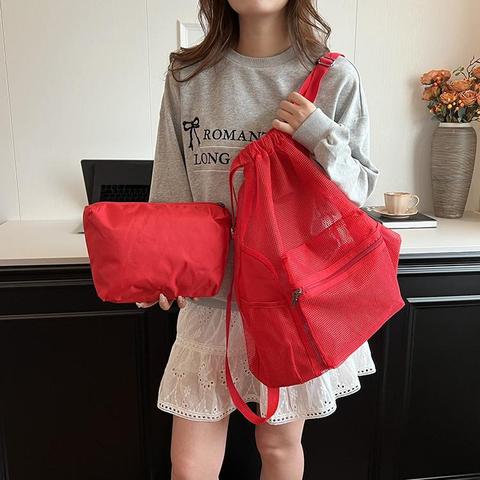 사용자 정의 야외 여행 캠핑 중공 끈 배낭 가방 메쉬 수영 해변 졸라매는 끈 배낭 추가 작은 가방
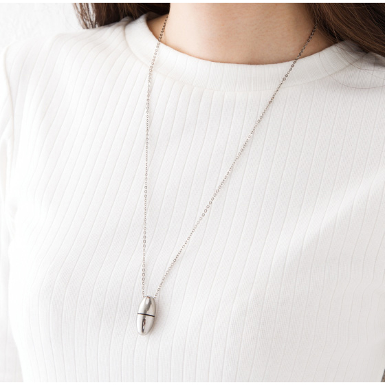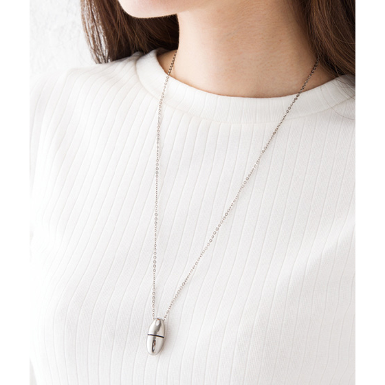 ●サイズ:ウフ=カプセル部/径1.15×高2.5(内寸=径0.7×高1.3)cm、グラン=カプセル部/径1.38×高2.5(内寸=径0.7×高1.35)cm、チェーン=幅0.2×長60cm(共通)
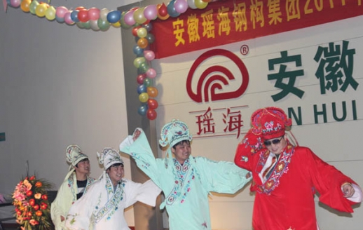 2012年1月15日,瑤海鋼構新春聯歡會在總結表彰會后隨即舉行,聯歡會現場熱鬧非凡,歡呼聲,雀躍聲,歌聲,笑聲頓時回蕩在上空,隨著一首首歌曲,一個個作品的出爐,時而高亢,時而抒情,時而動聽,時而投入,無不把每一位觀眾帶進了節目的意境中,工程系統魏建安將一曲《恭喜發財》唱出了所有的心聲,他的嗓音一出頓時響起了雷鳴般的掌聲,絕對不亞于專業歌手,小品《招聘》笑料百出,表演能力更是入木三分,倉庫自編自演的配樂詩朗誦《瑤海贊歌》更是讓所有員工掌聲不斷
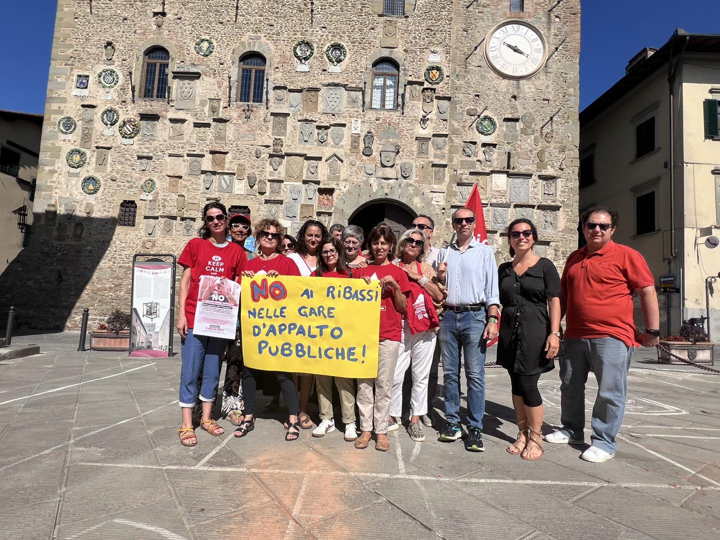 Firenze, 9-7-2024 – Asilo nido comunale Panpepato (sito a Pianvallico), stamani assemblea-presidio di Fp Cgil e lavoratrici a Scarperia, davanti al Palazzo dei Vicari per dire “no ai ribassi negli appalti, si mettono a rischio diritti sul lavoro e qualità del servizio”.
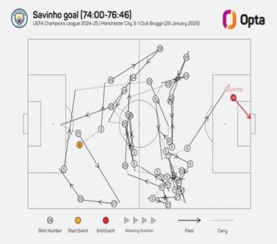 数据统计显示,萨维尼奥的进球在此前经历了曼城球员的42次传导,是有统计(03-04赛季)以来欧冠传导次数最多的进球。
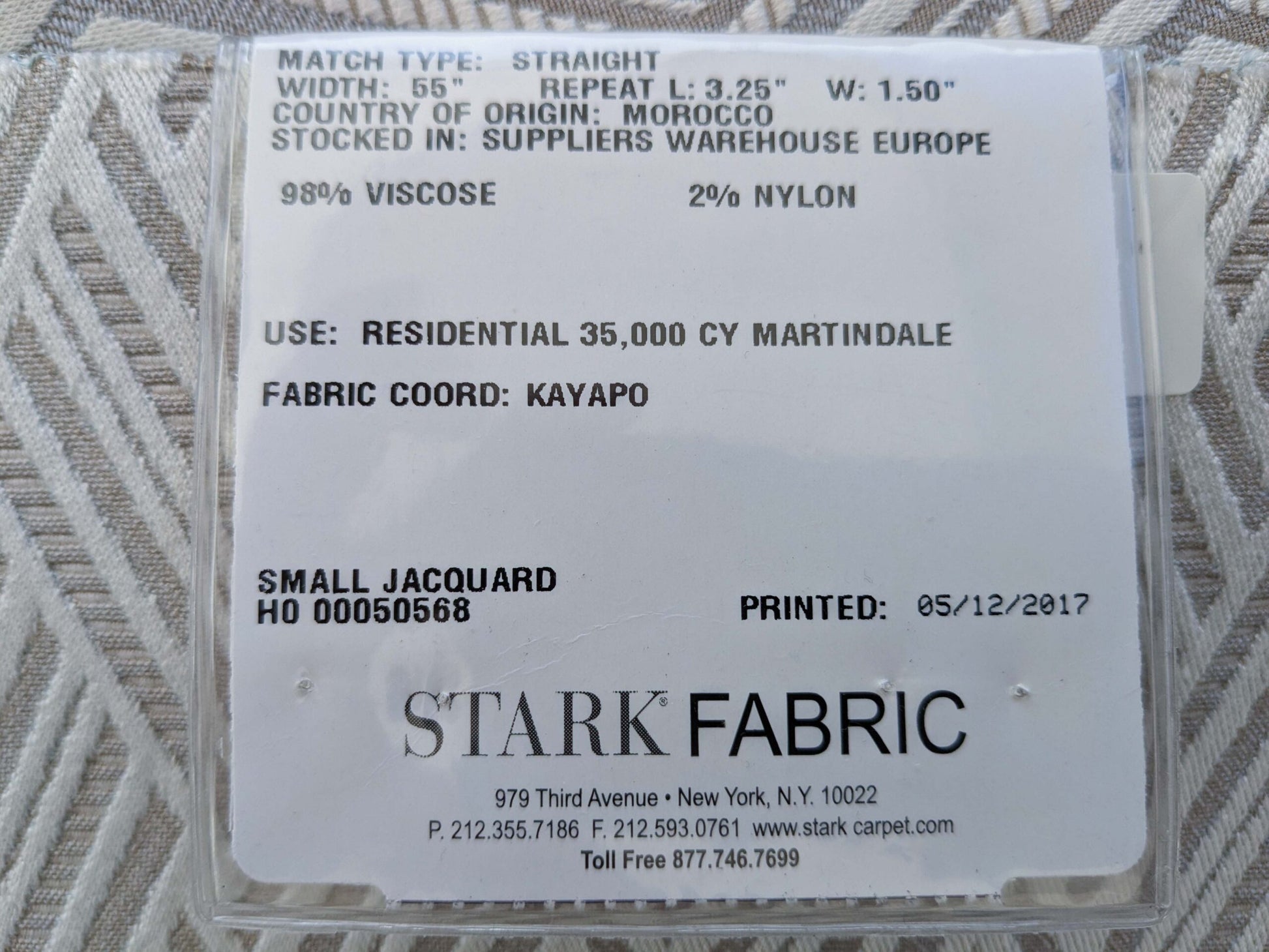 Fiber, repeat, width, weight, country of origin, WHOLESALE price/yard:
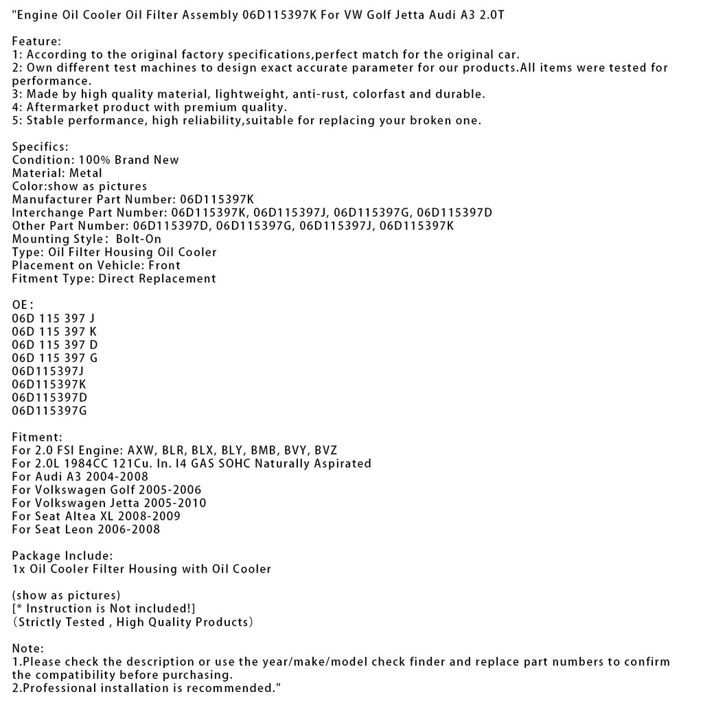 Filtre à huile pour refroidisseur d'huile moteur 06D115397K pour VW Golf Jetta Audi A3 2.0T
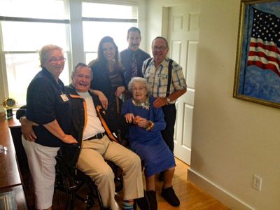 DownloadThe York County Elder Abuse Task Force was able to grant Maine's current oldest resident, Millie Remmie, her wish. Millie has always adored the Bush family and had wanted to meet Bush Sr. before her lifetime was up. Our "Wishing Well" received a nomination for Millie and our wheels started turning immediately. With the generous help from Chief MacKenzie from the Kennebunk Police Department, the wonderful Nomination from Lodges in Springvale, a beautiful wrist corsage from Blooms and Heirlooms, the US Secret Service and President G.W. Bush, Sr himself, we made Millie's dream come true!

◆ **EXERCISE OBJECTIVE**: Could you reproduce the records above exactly, leaving out every picture?

◆ **REPLY**:
 사용자 정의 야외 여행 캠핑 중공 끈 배낭 가방 메쉬 수영 해변 졸라매는 끈 배낭 추가 작은 가방
 ●サイズ:ウフ=カプセル部/径1.15×高2.5(内寸=径0.7×高1.3)cm、グラン=カプセル部/径1.38×高2.5(内寸=径0.7×高1.35)cm、チェーン=幅0.2×長60cm(共通)
 2012年1月15日,瑤海鋼構新春聯歡會在總結表彰會后隨即舉行,聯歡會現場熱鬧非凡,歡呼聲,雀躍聲,歌聲,笑聲頓時回蕩在上空,隨著一首首歌曲,一個個作品的出爐,時而高亢,時而抒情,時而動聽,時而投入,無不把每一位觀眾帶進了節目的意境中,工程系統魏建安將一曲《恭喜發財》唱出了所有的心聲,他的嗓音一出頓時響起了雷鳴般的掌聲,絕對不亞于專業歌手,小品《招聘》笑料百出,表演能力更是入木三分,倉庫自編自演的配樂詩朗誦《瑤海贊歌》更是讓所有員工掌聲不斷
 Firenze, 9-7-2024 – Asilo nido comunale Panpepato (sito a Pianvallico), stamani assemblea-presidio di Fp Cgil e lavoratrici a Scarperia, davanti al Palazzo dei Vicari per dire “no ai ribassi negli appalti, si mettono a rischio diritti sul lavoro e qualità del servizio”.
 数据统计显示,萨维尼奥的进球在此前经历了曼城球员的42次传导,是有统计(03-04赛季)以来欧冠传导次数最多的进球。
 Fiber, repeat, width, weight, country of origin, WHOLESALE price/yard:
 Filtre à huile pour refroidisseur d'huile moteur 06D115397K pour VW Golf Jetta Audi A3 2.0T
 DownloadThe York County Elder Abuse Task Force was able to grant Maine's current oldest resident, Millie Remmie, her wish. Millie has always adored the Bush family and had wanted to meet Bush Sr. before her lifetime was up. Our "Wishing Well" received a nomination for Millie and our wheels started turning immediately. With the generous help from Chief MacKenzie from the Kennebunk Police Department, the wonderful Nomination from Lodges in Springvale, a beautiful wrist corsage from Blooms and Heirlooms, the US Secret Service and President G.W. Bush, Sr himself, we made Millie's dream come true!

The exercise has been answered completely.